Global idea movement

Back in 2004 when I was considering doing an open source project I had many vague notions about why it would be a good idea, but now more than a decade later I can cheerfully say that my reason now for wild support is global idea movement. As I noted in my post on the 10 year anniversary of my project, it has been downloaded from over 150 countries, and could I have done that with a moneyed project?

Can you imagine trying to market a paid product in over 150 countries?

I guess Google and Facebook are learning. But even for them their base products are free: Google search, and well, Facebook.

And oddly enough Facebook came out the same month as my little app, and more power to them! I don't envy that Zuckerberg guy. But my ideas are in probably about as many countries as his.

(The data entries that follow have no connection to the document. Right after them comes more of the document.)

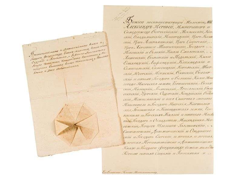 L.S. « Alexandre », Saint-Petersbourg 14 octobre 1802, à FERDINAND Ier, Roi de Naples et de Sicile | contresignée par le comte Alexandre VORONTSOV (1741-1805), ministre des Affaires étrangères | 2 pages grand in-fol., enveloppe avec grand sceau aux armes sous papier | en russe
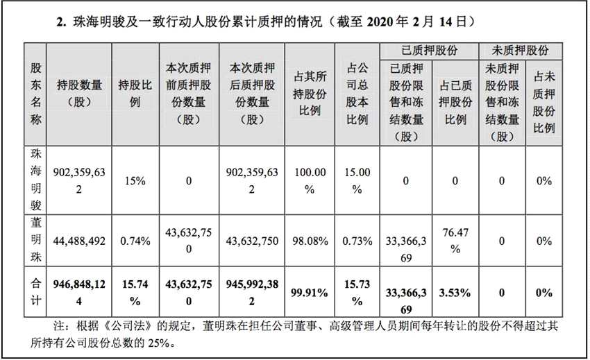 截至2月14日,珠海明駿及其一致行動(dòng)人董明珠質(zhì)押股份共計(jì)逾9.46億股,占其所持股份比例的99.91%,占總股本的15.73%。
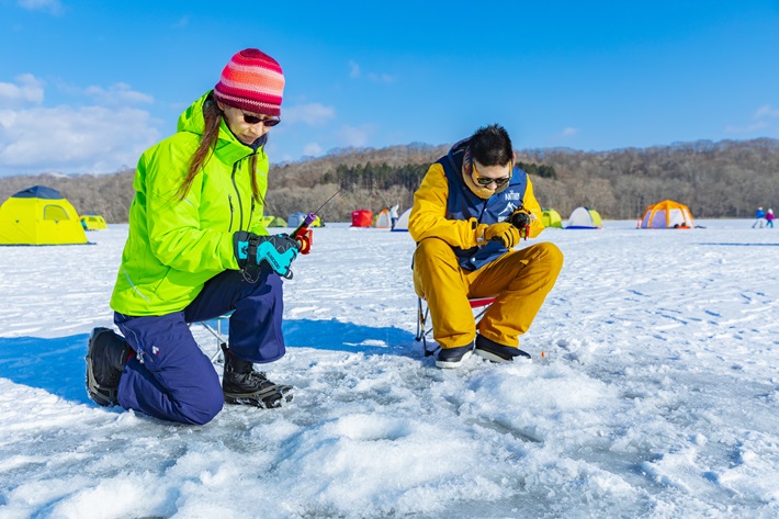 ポロト湖の冬の風物詩「ワカサギ釣り」※2026年度の開始日は、現在調整中
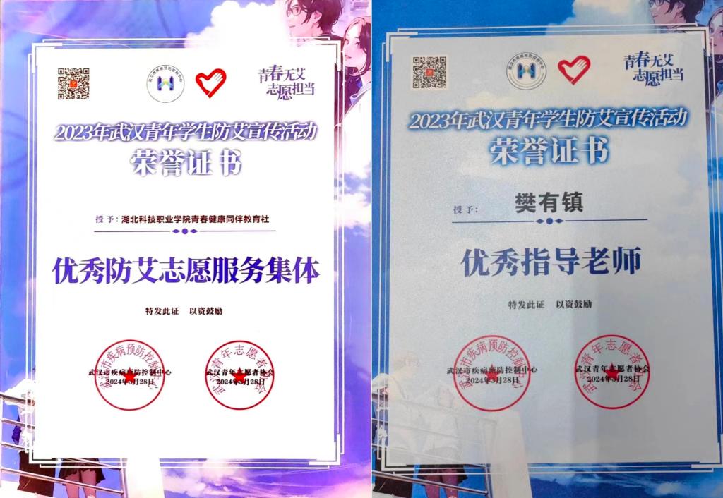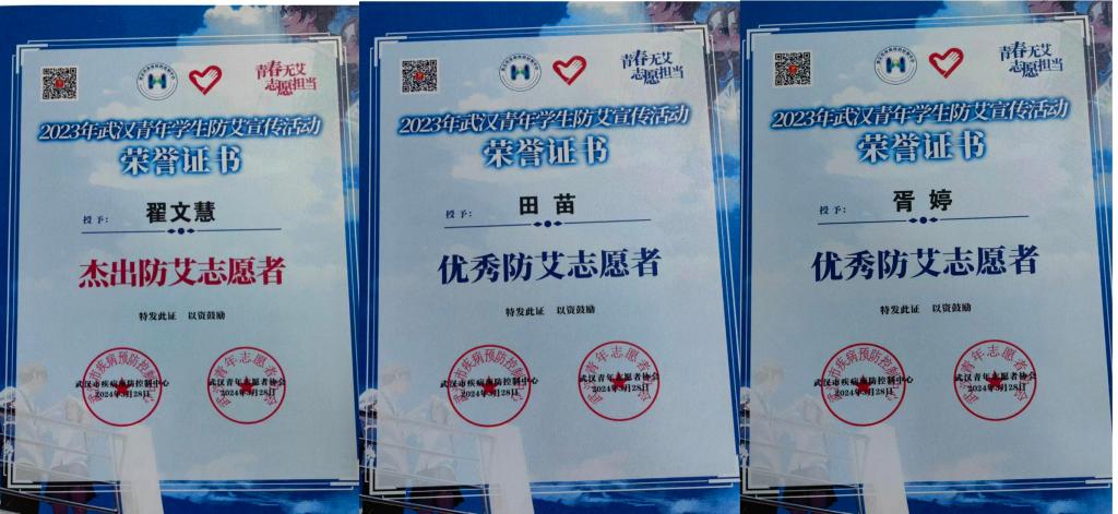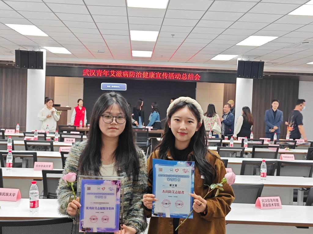 本网讯(通讯员 樊有镇 翟文慧 文/图)3月28日下午,武汉市疾病预防控制中心、武汉青年志愿者协会在武汉人力资源服务产业园召开了2023年武汉青年学生防艾宣传活动总结会,对活动中涌现出的先进集体、先进个人进行通报表扬。MK平台青春健康同伴教育社获评武汉市“优秀防艾志愿服务集体”,工商管理学院青协指导老师樊有镇获评武汉市“校园行活动优秀指导老师”,工商管理学院青协会长翟文慧获评武汉市“杰出防艾志愿者”,学院青协会长胥婷和田苗共获评武汉市“优秀防艾志愿者”。
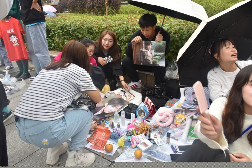 中午一下课,同学们就已经陆陆续续到达孔子广场,摆好摊位。即使天空飘着绵绵细雨,也抵挡不住大家的热情。在这里,文具、衣服等各类二手商品应有尽有,同学们将自己用不到的东西二次转卖,再次实现这些闲置物品的价值,有效促进了资源节约。
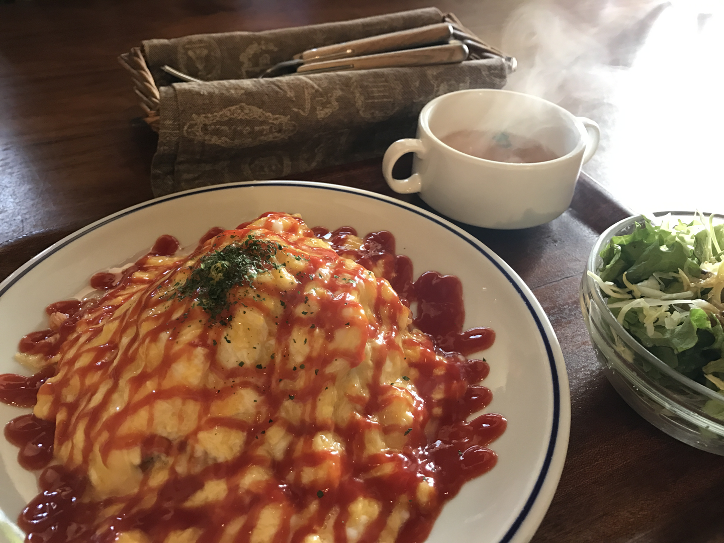 オムライスって食べると幸せな気持ちになる食べ物だとよく言われている (Nghe nói ăn omurice vào sẽ cảm thấy rất hạnh phúc)
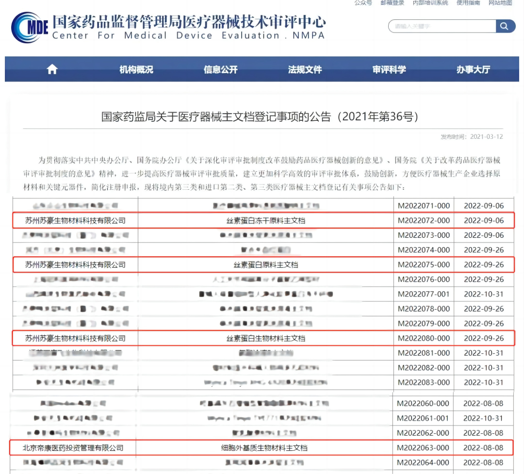 8月,CDMO中心四款醫(yī)療器械原材料通過(guò)主文檔登記備案(絲素蛋白凍干原料、絲素蛋白原料、絲素蛋白生物材料、細(xì)胞外基質(zhì)生物材料),主文檔備案的通過(guò)為醫(yī)藥行業(yè)細(xì)胞外基質(zhì)和絲素蛋白產(chǎn)品研發(fā)及生產(chǎn)提供了合法來(lái)源的原料,具有里程碑意義。
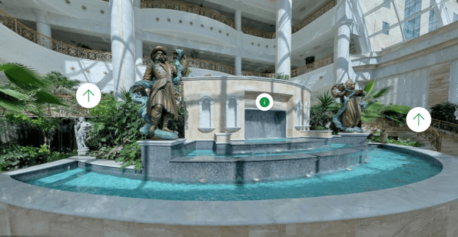 Другой интересный момент – вирутальный тур проходит через впечатляющий зимний сад с фонтаном.
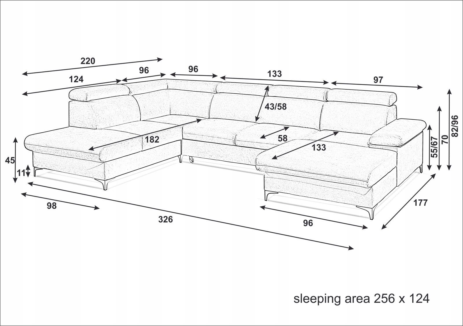 - Funkcja spania: 256cm x 124cm
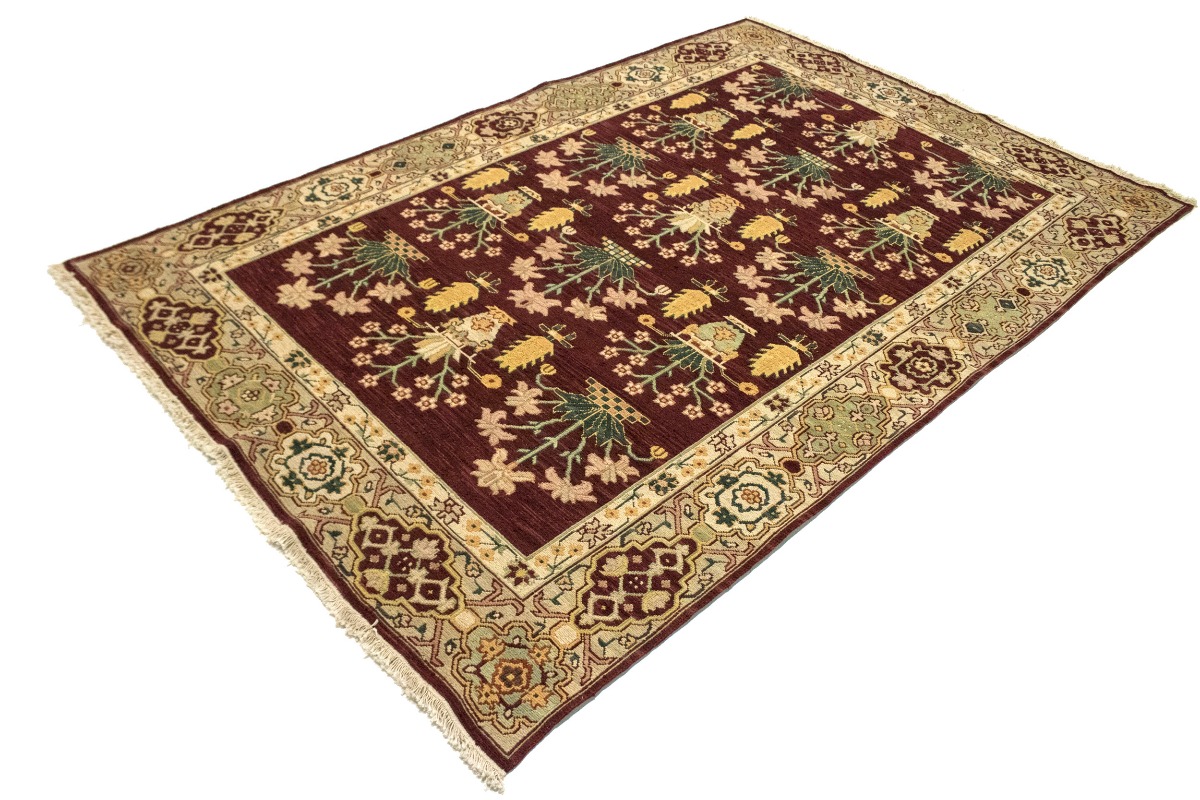 Maroon Red Floral Garden 6X9 Oriental Rug

I'll take that, thank you very much.

When it comes down to it, a few people can build a mega corporation that can handle all the issues of global marketing, production, development and sales, but many, many, many  more people can watch in awe as their open source project gets downloaded from all over the world.

So intriguingly, take the money out of it, and ideas can move--globally.

That's one of the greatest gifts of our modern web.

But then again, with the money involved they can as well. It kind of makes you wonder.

So it's kind of an interesting thing we can see in our time, which I think is remarkable--as in worth remarking upon.

And where better to remark than on my own blog where ideas rule?

But one does wonder...

Regardless I feel I can confidently say from my own experience that if you want to most easily have people all over the globe using something you developed then open source is clearly a way. For a paid product I'm sure you have a much bigger hill to climb.